Sure, none of that is questioned.  The question at hand is whether the Biblical instruction to meet together (with other believers) needs to be fulfilled by regular church attendance, or whether this instruction can be adequately met by meeting in other venues.




NE GA Pappy said:


> Jesus didn't say for you to read your Bible everyday either.  So I guess we should throw that thing in the dumpster and forget it was ever printed



Do you believe that Jesus is Yahweh (the God of the Old Testament)?  I certainly do.  Consequently, his commands include:

Deuteronomy 6:4-9
4 “Hear, O Israel: The Lord our God, the Lord is one. 5 You shall love the Lordyour God with all your heart and with all your soul and with all your might. 6 And these words that I command you today shall be on your heart. 7 You shall teach them diligently to your children, and shall talk of them when you sit in your house, and when you walk by the way, and when you lie down, and when you rise. 8 You shall bind them as a sign on your hand, and they shall be as frontlets between your eyes. 9 You shall write them on the doorposts of your house and on your gates.

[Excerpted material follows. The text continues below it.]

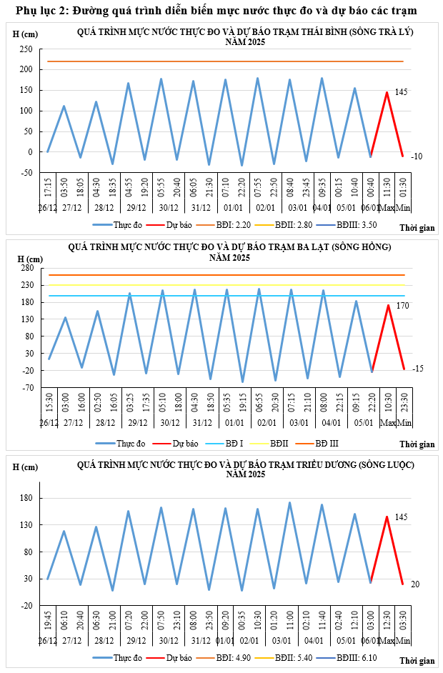 - Mực nước trên các sông Trà Lý, sông Hồng, sông Luộc chịu ảnh hưởng của thủy triều, điều tiết hồ thủy điện: xu thế xuống.

Joshua 1:8 This Book of the Law shall not depart from your mouth, but you shall meditate on it day and night, so that you may be careful to do according to all that is written in it.  

Let us not commit the error of thinking Jesus' commands are limited to the red letters.


----------



## j_seph (Jun 28, 2019)

So church is in the bible 114 times. Must be some importance of Church.
*Acts 2:47* - Praising God, and having favour with all the people. And the Lord added to the church daily such as should be saved. 
Matthew 18:17    
    And if he shall neglect to hear them, tell it unto the church: but if he neglect to hear the church, let him be unto thee as an heathen man and a publican.


----------



## SemperFiDawg (Jun 28, 2019)

LittleDrummerBoy said:


> Sure, none of that is questioned.  The question at hand is whether the Biblical instruction to meet together (with other believers) needs to be fulfilled by regular church attendance, or whether this instruction can be adequately met by meeting in other venues.
> 
> 
> 
> ...






> Let us not commit the error of thinking Jesus' commands are limited to the red letters.



You are committing the error of thinking you can follow even one of them, but I'm wasting both of our time going any further.


----------



## NE GA Pappy (Jun 28, 2019)

LittleDrummerBoy said:


> S
> 
> Do you believe that Jesus is Yahweh (the God of the Old Testament)?  I certainly do.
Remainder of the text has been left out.